Если хочешь высказать сомнительную лемму, не вызывая возражений — рифмуй!

— Ей-богу, Вы преувеличиваете значение рифмы. Большинство людей её не слышит. У меня в графстве Хартфордшир есть приятельница из Ленинграда, рекомендовавшая мне ремонтёра по имени Билл (он приличный англичанин, из тех, что, получивши невзначай молотком по макушке, никогда не матерятся). У этой приятельницы английский язык давно уже начал вытеснять русский. Когда я при ней попытался пошутить, сказав: «Электрика Билла током убило», она не на шутку испугалась.

А между тем Вы тут высказали очень глубокую мысль: назначение рифмы — придавать стихам убедительность, превращать слова в формулы. Суть поэзии — оксиморон, острая глупость; поэт всегда немного enfant terrible (enfant — даже и много, по преимуществу). Рифма делает убедительным неожиданное. Заметьте, что нигде, за всю мою жизнь, я не нашёл такого определения сущности рифмы, оно же — ручаюсь головой — единственно правильное. Люди (вроде Д.  Са­мойлова) пишут о рифме учёные книги, глубокомысленно рассуждают о ней и ее развитии (верят, что в ней имеется прогресс!), а вскрыть причину появления рифмы им и в голову не приходит. Рифма ведь не всегда существовала (да и сейчас не обязательна). Её не было до Данте, до трубадуров. Вы замечали, что хорошие шуточные стихи непременно бывают с точной рифмой, не с ассонансной или усечённой (каковых я и в серьёзных стихах не выношу)? Здесь то же самое: невероятное (шутка обычно невероятна) — нужно немедленно подтвердить, придать невероятному убедительность, поэтому и рифма должна быть точной.

[На мои слова «Где у Вас баба, там у меня — леди…» Браун отвечает:]

«Боюсь, что после этого письма, Вы с Вашим максимализмом и со мной поссоритесь, хотя, видит Бог, я Вам друг, люблю и ценю Вас.

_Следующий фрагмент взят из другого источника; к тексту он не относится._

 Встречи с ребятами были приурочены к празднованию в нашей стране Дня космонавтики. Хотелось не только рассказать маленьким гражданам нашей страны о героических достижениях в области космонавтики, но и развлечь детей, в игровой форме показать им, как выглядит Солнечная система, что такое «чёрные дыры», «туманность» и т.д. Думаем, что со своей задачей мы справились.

Вы один из, если не единственный человек, с которым мне интересно не соглашаться, и именно потому, что мы люди кардинально разные, но, скажу претенциозно, интеллектуально ангажированные…»

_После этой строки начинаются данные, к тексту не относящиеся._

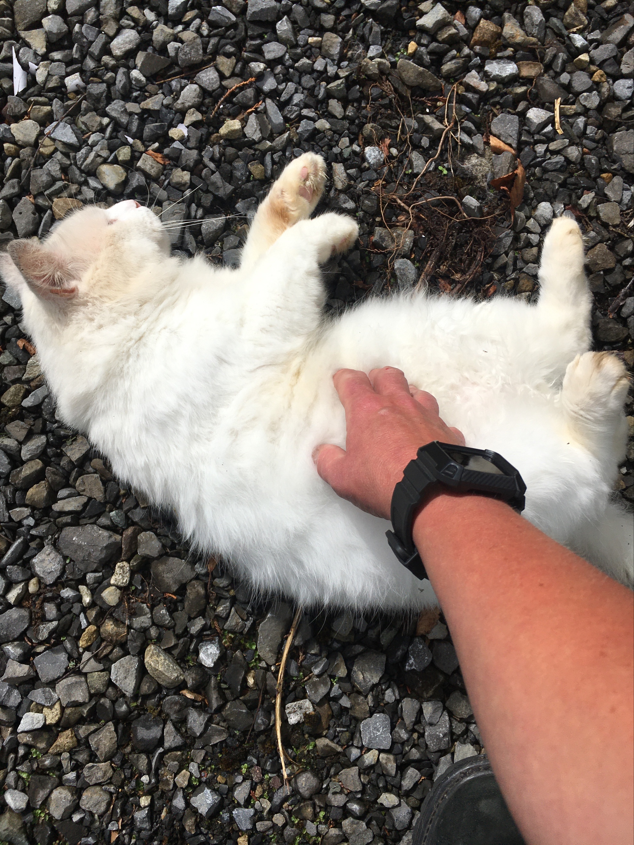 We both hated the idea of leaving him outside. But after the calamity and violence that happened between Lokii and Lumi when I tried to keep one of last year’s kittens, we knew we couldn’t just toss BG inside and hope for the best. Old man Lokii was not likely to want BigGuy anywhere near him. Also… the dog! What would BigGuy think of a massive dog in the house all the time? Was he scared of dogs? He should be, to have survived so long as a feral.

— Да уж, трудно найти большую непохожесть, чем у нас с Вами. Но хоть я и максималист (тут Вы правы) и со всеми ссорюсь без нужды, а ссориться с Вами совсем не хочу, ведь и Вы для меня собеседник особенный. Помните, я приставал к Вам с вопросом об этимологии имени Наполеона? Моя догадка была, что это имя — от Неаполя в его теперешнем редуцированном виде. Я знал, что Буонапарте — старый тосканский род, и допускал, что происходит он из Неаполя, а имя Наполеон (Наполеоне) закрепляет в представителях рода эту дальнюю преемственность. Вы мне не поверили и доискались (между прочим, совсем не сразу), что имя Наполеон греческое, означающее лев дубрав, — к моей великой радости, потому что вопрос этот сидел у меня на загривке и не давал мне покою. Находка — Ваша, спору нет. Но отдайте и мне должное: довольно часто бывает, что задачу важнее поставить, чем решить. В России, в русской литературе, насколько я её знаю, никто ни разу не задавался этимологией этого имени. Люди, выходит, не любопытны. Или для полиглотов-карамзинистов тут и вопроса не было?

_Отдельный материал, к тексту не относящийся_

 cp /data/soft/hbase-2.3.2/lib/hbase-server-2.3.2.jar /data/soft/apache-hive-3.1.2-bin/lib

Ваше пуританство сродни Верлену, который еще не встретил своего Рембо. Рембо — полная противоположность Вашей концепции поэзии, но нельзя отрицать, что он силен! С Вашей неожиданной страстью к французской литературе — вот Вам потрясающий Рембо:

Comme d’un cercueil vert en fer blanc, une tête
De femme à cheveux bruns fortement pommadés
D’une vieille baignoire émerge, lente et bête,
Avec des déficits assez mal ravaudés;
Puis le col gras et gris, les larges omoplates
Qui saillent; le dos court qui rentre et qui ressort;
Puis les rondeurs des reins semblent prendre l’essor;
La graisse sous la peau paraît en feuilles plates:
L’échine est un peu rouge, et le tout sent un goût
Horrible étrangement; on remarque surtout
Des singularités qu’il faut voir à la loupe…
Les reins portent deux mots gravés: CLARA VENUS;
—Et tout ce corps remue et tend sa large croupe
Belle hideusement d’un ulcère à l’anus.»

— Потрясающий, говорите? Позвольте не согласиться. Стихи написаны на злобу дня, это полемический жест, публицистический выпад в ходе тогдашней (вчерашней) борьбы школ, — уже этим сонет плох. Приуроченное к сегодняшнему устаревает первым. Это манифест, а не лирическое переживание.

Как раз около 1870 года, между прочим, и не без влияния новых школ в живописи и поэзии, начинает меняться и представление о женской красоте (здесь ведь женская внешность обсуждается); во времена Стендаля красота подразумевала полноту, пухлость, притом такую, какая в наше время кажется болезненной. Худощавая женщина попросту за женщину не шла. Но это к слову, хоть и к месту. Шло переосмысление мира. Надоели пухлые женщины — и слащавые стихи (итальянский сонет всегда слащав). Рембо изнутри взрывает традиционную сущность итальянского сонета: в слащавой форме описывает безобразное (в России за ним в этом последовал Георгий Шенгели). Это, конечно, тоже оксиморон. Заметьте, что рифма всюду здесь ещё точна — в явном контрасте с изображаемым, требующим приблизительного; в этом — тоже насмешка, тоже выворот наизнанку (впрочем, открытая война с точной рифмой началась несколько позже). Рембо бравирует своей низостью, отсюда небывалая во всей французской поэзии рифма anus–Venus. Ручаюсь, что такой не было. (Кстати, я не верю, что в оригинале Clara Venus было написано прописными буквами; думаю, что эти два слова были выделены курсивом или вообще никак не выделены.)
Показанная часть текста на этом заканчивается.